Or take the company’s weirdly dismissed 3DS: you know, Nintendo’s handheld-slash-console that, just last night, NPD reported “topped overall hardware sales for December 2013 and for 2013 as a whole.” Important sidebars — or in the 3DS’s case, headliner — lost in the admittedly disturbing din of Nintendo’s “third consecutive annual loss” bandwagon.

The other parcel of news you won’t read in these reports is that none of this is, in fact, news: Roughly speaking, we’ve known what Wii U sales have been for months, and we’ve therefore known that Nintendo was going to miss its Wii U sales projections by a country mile for a long, long time. The only entity that seemed blissfully unaware of this fact, like any good company towing its marketing line, was Nintendo.

But yes, as I’ve said before and repeatedly, Nintendo, to quote PBS’s adorable Peg + Cat, has a biiiiggg problem — a compounding problem driven by increasingly accurate public perception that the Wii U is not where you want to live if you’re after most of the things gamers are gaga for these days, from competitive game achievements and gamer scores to progressively sophisticated social networks (live broadcasts, easy-capture brag clips, etc.) to your third-party multi-platform tentpoles.
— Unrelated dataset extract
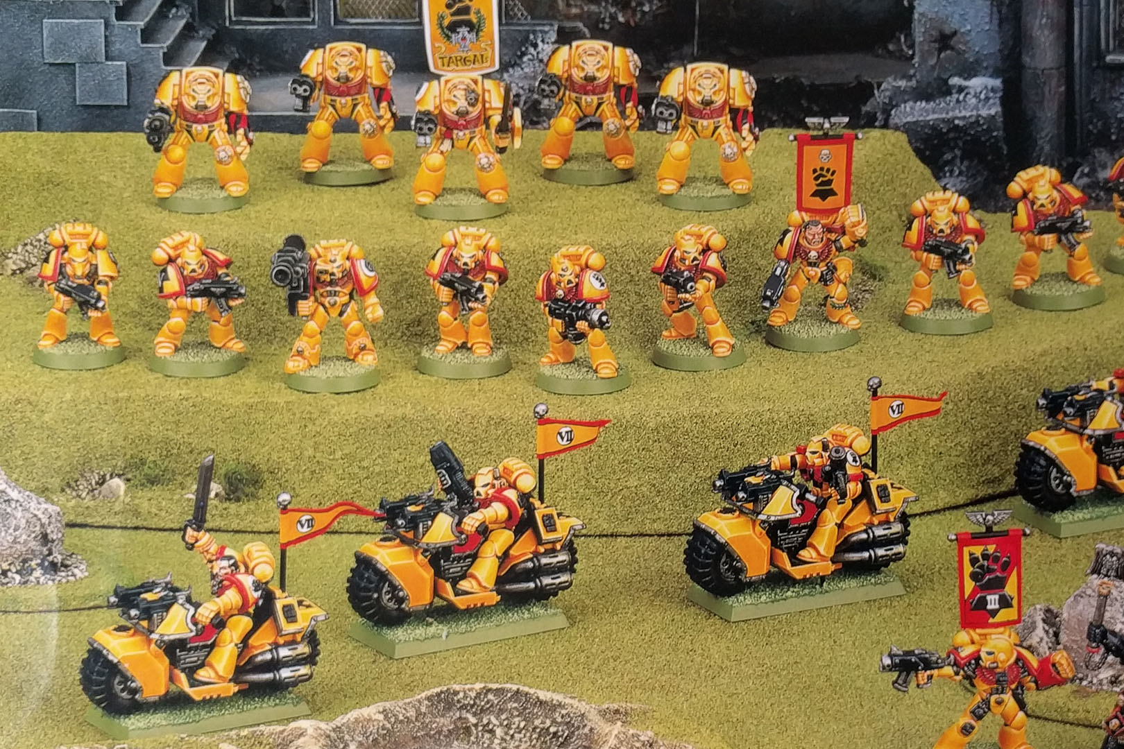 Es gibt noch weitere tolle Ressourcen im Internet, zum Beispiel MiniScape / MneilPainter, der ebenfalls eine Imperial-Fists-Armee bemalt hat und dabei mit etwas einfacheren Techniken einen zugänglichen Ansatz verfolgt hat.

On the other hand, it’s far less the problem you’ll hear overpaid analysts blather on about like armchair CEOs, namely this recurring assumption that Nintendo could save its bacon and conquer the universe if it would only pull a Sega and sow its beloved intellectual property far and wide. I don’t subscribe to this simplistic, cash-in-your-chips mentality as the default fallback strategy. It’s pull-the-cord-on-a-doll substituting for serious analysis. You might as well call Microsoft moronic for hogging Master Chief, or Sony stupid for keeping its mitts on Gran Turismo, Ratchet & Clank and Nathan Drake.
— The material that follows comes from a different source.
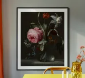 Fiori in vaso di Simon Verelst (1669 circa) mostra una natura morta floreale finemente disposta con dettagli brillanti. Rose, tulipani e altri fiori si dispiegano in un semplice vaso di vetro, magistralmente illuminato nello stile barocco olandese. Quest'opera testimonia la virtuosa tecnica pittorica di Verelst e rappresenta un punto di forza della pittura floreale classica. In mostra al Cleveland Museum of Art.

If you assume the only road to success is the one paved with the most money possible (as opposed to a respectable or even sufficient amount of dough in the coffer), then sure, get Mario and Zelda on the App Store pronto and damn the torpedoes. But I don’t think Nintendo thinks like that, or at least I hope they don’t, because with so much else in video gaming, namely the perennial march of financially bloated, mechanically anodyne sequels and me-too genre coatriders, we’re seeing what a crude, shallow, bean-counting focus on the bottom line too often reaps, gameplay-wise. You can have your record-breaking sales figures and celebratory PR parties when those new platform launch numbers hit, but like treadmills, books by Stephen Hawking or even Nintendo’s original Wii during its latter days, that doesn’t mean people are actually using this stuff, or that you’re building platforms with intellectual property that’s creating longterm, engaged users and sustainable forward momentum.
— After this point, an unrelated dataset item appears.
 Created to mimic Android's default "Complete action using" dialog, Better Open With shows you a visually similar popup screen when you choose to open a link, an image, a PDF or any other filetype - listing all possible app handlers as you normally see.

Yes, Nintendo’s guilty of some of that itself nowadays, trotting out its iconic IP in sequels that till decidedly familiar turf. And it’s surely not enough in 2014 to say “Hey, we’re Nintendo, doing what we’ve always done, and we’ve never claimed otherwise,” though perhaps after the looming shareholder exodus levels off, that’ll be the company’s fallback prerogative: to accept and even celebrate third place, using 2014 as an opportunity to change the conversation and focus on the things that make its platforms uniquely Nintendo-ish. Nintendo does need to be profitable, but profitability was never analogous with first place.

In any event, it’s too soon to light memorial candles for the company’s flagship console (and the “Wii” brand in general), or to glean something as definitive as “flop” from the economic tea leaves, anymore than Microsoft’s abysmal original Xbox sales, right up to the end, heralded the demise of the Xbox platform. Nintendo has plenty of options left on the table, from dropping the Wii U’s price again to selling a significantly discounted version that unbundles the Wii U Gamepad. Just being Nintendo isn’t enough to make these problems go away (or for the Wii U to experience a 3DS-style comeback), but speaking about the company’s prospects in stark terms when it had the bestselling dedicated games console in 2014, is clearly putting the cart ahead of the console.